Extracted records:
____
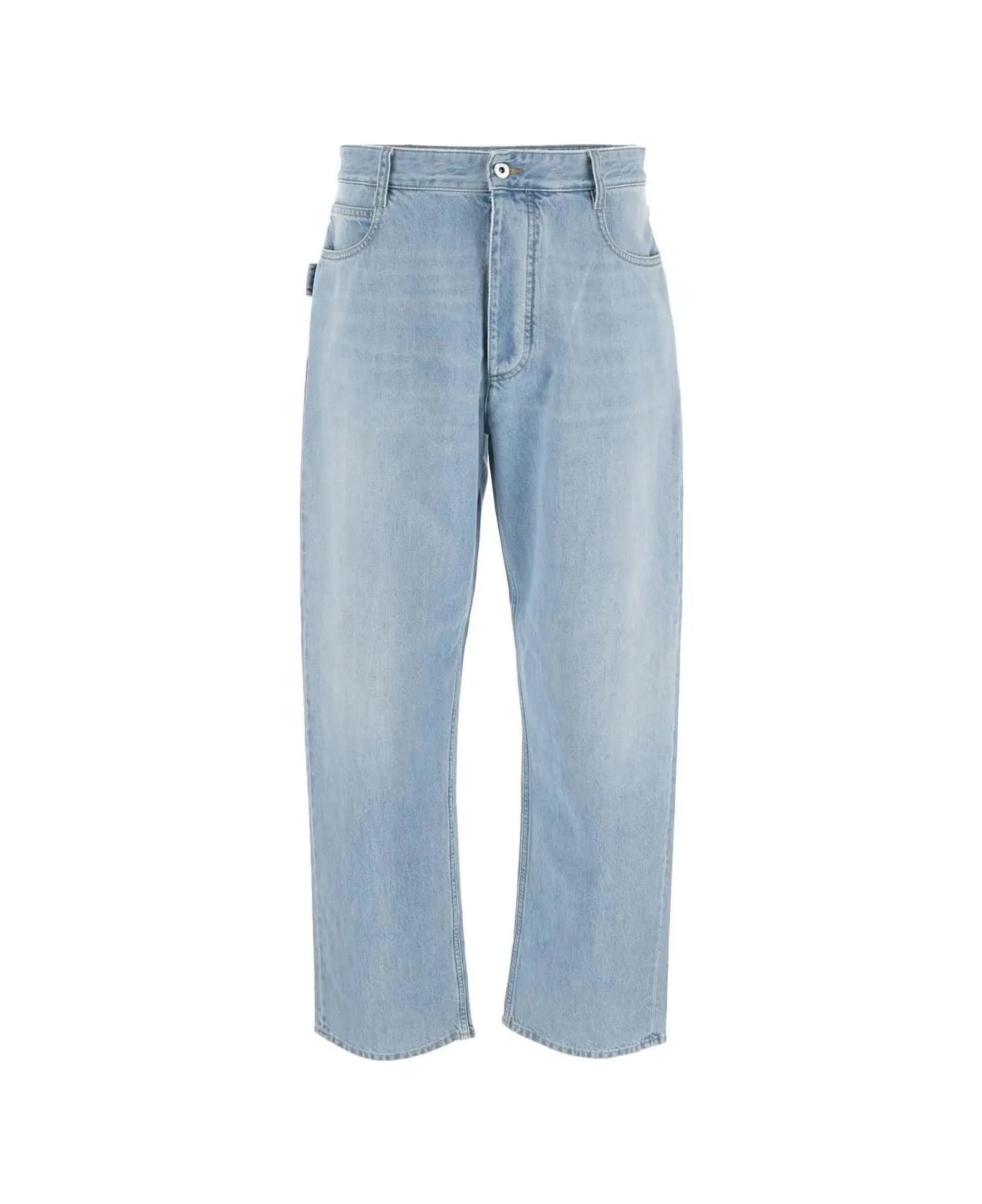 Bottega Veneta jeans in light blue cotton with belt loops. The item is featured by side pockets, buttons closure and rear logo patch.
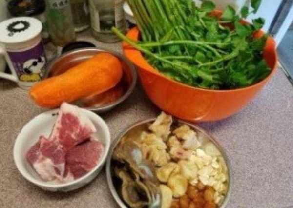 3西洋菜浸水10分鐘,之後洗凈過水兩次栗子、幹鴨腎、南北杏、蜜棗洗凈陳皮浸軟刮去瓤
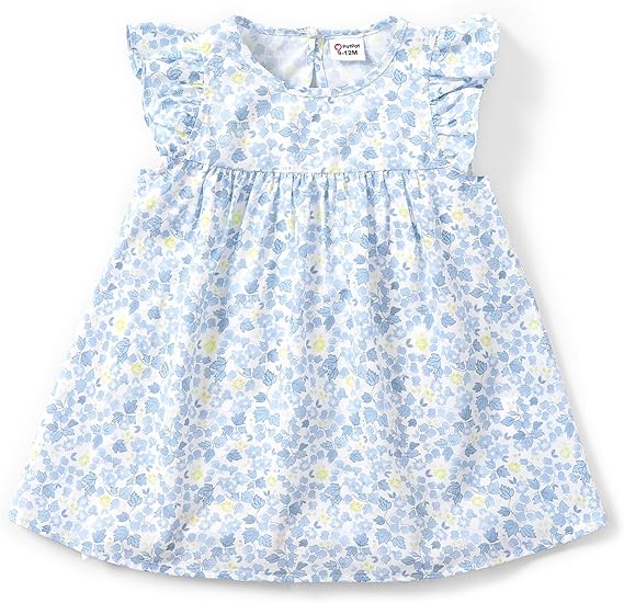 Baby Girl's Floral Dress Ruffle Sleeve Cute Playwear Round Neck Dresses
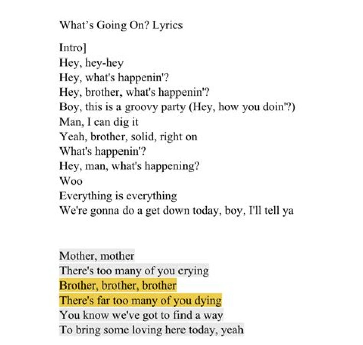 Ah, what's going on. In the mean time Right on, baby Right on Right on. Father, father, everybody thinks we're wrong Oh, but who are they to judge us Simply because our hair is long Oh, you know we've got to find a way To bring some understanding here today Oh. Photos. Picket lines and picket signsWiz Khalifa - Hey Girl Lyrics
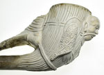 Isabé model pijpenkop uit de laatste dertig jaar van de 19e eeuw. Op de linkerkant van de kop staat een jager met zijn jachthond afgebeeld. De jager houdt met één hand zijn geweer vast. Op de rechterkant van de pijpenkop (uit het zicht van de jager) vlucht een hert weg. Naar de steel toe worden de twee taferelen gescheiden door een grote loofboom. Dit wekt de indruk dat de jachtpartij zich in het bos afspeelt. Van de steel af is de persnaad afgewerkt met een bladmotief, die zich bovenin in twee halve bogen splitst.
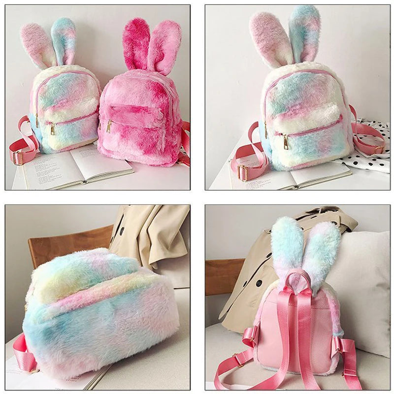 Rabbit Ears Tie Dye Plush Backpack for Women Furry Mini Backpack
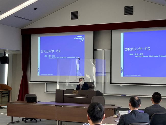 2022年2月 - 世界中で働く従業員の健康と安全を支えるためのソリューションを全世界のクライアントに提供するインターナショナルSOS(日本法人本社:東京都港区 代表取締役 マーク・アタウェイ)は、2022年1月25日、防衛省の防衛研究所 http://www.nids.mod.go.jp/ にて「民間企業による危機管理:インターナショナルSOSの業務解説」と題し、自衛隊の高級幹部候補の方へ民間企業がどのように医療とセキュリティのアシスタンスサービスを提供しているのかをお話させていただきました。この講義(セミナー)は、民間企業がどのように組織に対して健康面と安全面における危機管理サポートをさせていただいているのかを理解していただくことを目的に、自衛隊の高級幹部候補の方向けの授業の一環として、2013年より毎年1回開催されているものです。
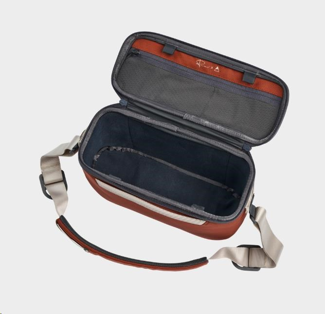 Odolný kovový rám zajišťuje, že si brašna zachová svůj tvar, a vnitřek z materiálu Nylex pevně drží rozdělovací suchý zip. Inovativní přepážky ve tvaru harmoniky, některé s přidanou policí, dále maximalizují prostor. Tento závěs je kombinací funkčnosti a řemeslného zpracování na míru fotografům.
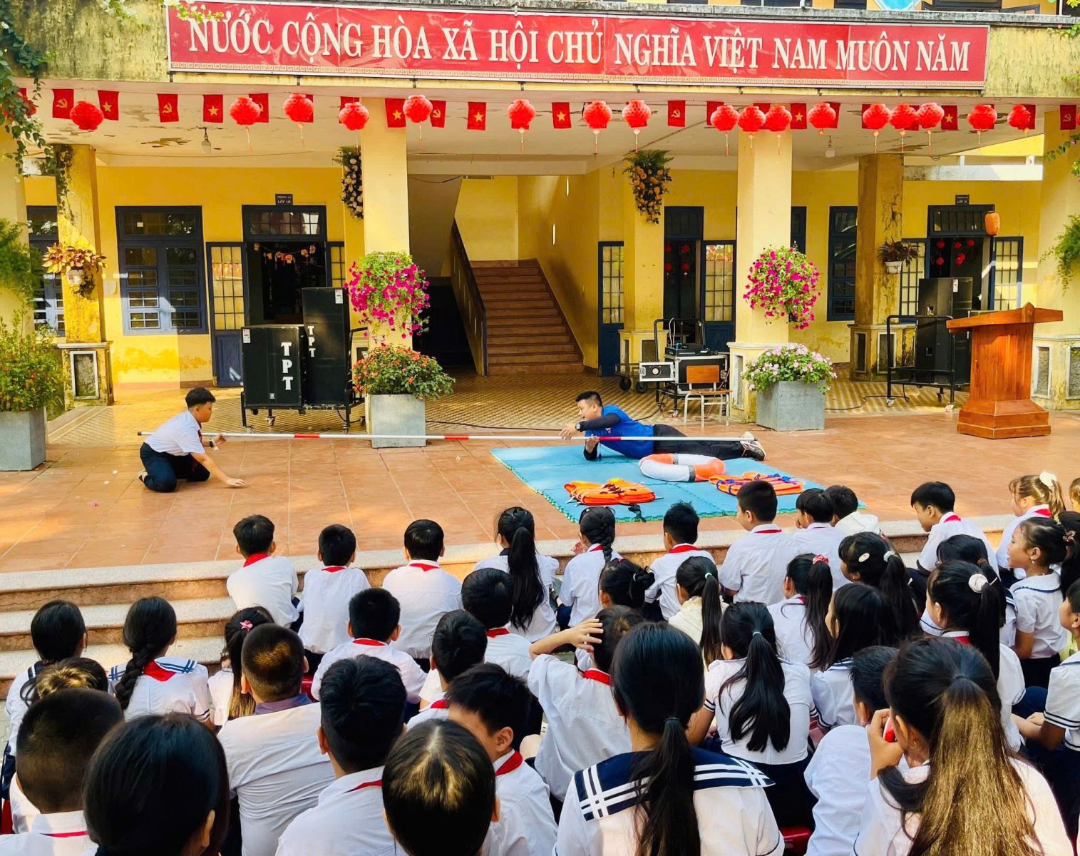 Sáng ngày 06/4/2025, trong buổi sinh hoạt dưới cờ, Trường Tiểu học phan ngọc nhân đã tổ chức lồng ghép tuyên truyền chuyên đề phòng, chống đuối nước cho toàn thể học sinh. Hoạt động được tổ chức bài bản, lồng ghép giữa tuyên truyền kiến thức và hướng dẫn kỹ năng, góp phần nâng cao nhận thức, hình thành ý thức tự bảo vệ cho các em ngay từ môi trường học đường.
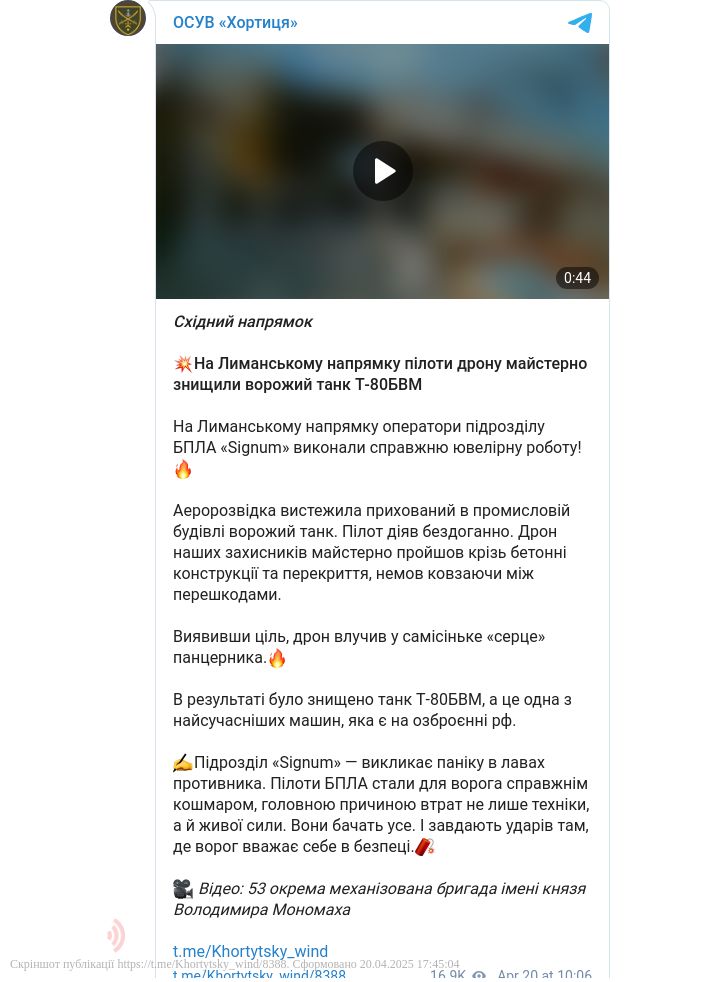 Оператори підрозділу «Signum» знищили дронами на Лиманському напрямку найсучасніший російський танк Т-80БВМ.
____
• **EXERCISE BRIEF**
Print all entries exactly. The images do not belong in the copy.

• **ANSWER BOX**
 Bottega Veneta jeans in light blue cotton with belt loops. The item is featured by side pockets, buttons closure and rear logo patch.
 3西洋菜浸水10分鐘,之後洗凈過水兩次栗子、幹鴨腎、南北杏、蜜棗洗凈陳皮浸軟刮去瓤
 Baby Girl's Floral Dress Ruffle Sleeve Cute Playwear Round Neck Dresses
 Ah, what's going on. In the mean time Right on, baby Right on Right on. Father, father, everybody thinks we're wrong Oh, but who are they to judge us Simply because our hair is long Oh, you know we've got to find a way To bring some understanding here today Oh. Photos. Picket lines and picket signsWiz Khalifa - Hey Girl Lyrics
 Isabé model pijpenkop uit de laatste dertig jaar van de 19e eeuw. Op de linkerkant van de kop staat een jager met zijn jachthond afgebeeld. De jager houdt met één hand zijn geweer vast. Op de rechterkant van de pijpenkop (uit het zicht van de jager) vlucht een hert weg. Naar de steel toe worden de twee taferelen gescheiden door een grote loofboom. Dit wekt de indruk dat de jachtpartij zich in het bos afspeelt. Van de steel af is de persnaad afgewerkt met een bladmotief, die zich bovenin in twee halve bogen splitst.
 Rabbit Ears Tie Dye Plush Backpack for Women Furry Mini Backpack
 2022年2月 - 世界中で働く従業員の健康と安全を支えるためのソリューションを全世界のクライアントに提供するインターナショナルSOS(日本法人本社:東京都港区 代表取締役 マーク・アタウェイ)は、2022年1月25日、防衛省の防衛研究所 http://www.nids.mod.go.jp/ にて「民間企業による危機管理:インターナショナルSOSの業務解説」と題し、自衛隊の高級幹部候補の方へ民間企業がどのように医療とセキュリティのアシスタンスサービスを提供しているのかをお話させていただきました。この講義(セミナー)は、民間企業がどのように組織に対して健康面と安全面における危機管理サポートをさせていただいているのかを理解していただくことを目的に、自衛隊の高級幹部候補の方向けの授業の一環として、2013年より毎年1回開催されているものです。
 Odolný kovový rám zajišťuje, že si brašna zachová svůj tvar, a vnitřek z materiálu Nylex pevně drží rozdělovací suchý zip. Inovativní přepážky ve tvaru harmoniky, některé s přidanou policí, dále maximalizují prostor. Tento závěs je kombinací funkčnosti a řemeslného zpracování na míru fotografům.
 Sáng ngày 06/4/2025, trong buổi sinh hoạt dưới cờ, Trường Tiểu học phan ngọc nhân đã tổ chức lồng ghép tuyên truyền chuyên đề phòng, chống đuối nước cho toàn thể học sinh. Hoạt động được tổ chức bài bản, lồng ghép giữa tuyên truyền kiến thức và hướng dẫn kỹ năng, góp phần nâng cao nhận thức, hình thành ý thức tự bảo vệ cho các em ngay từ môi trường học đường.
 Оператори підрозділу «Signum» знищили дронами на Лиманському напрямку найсучасніший російський танк Т-80БВМ.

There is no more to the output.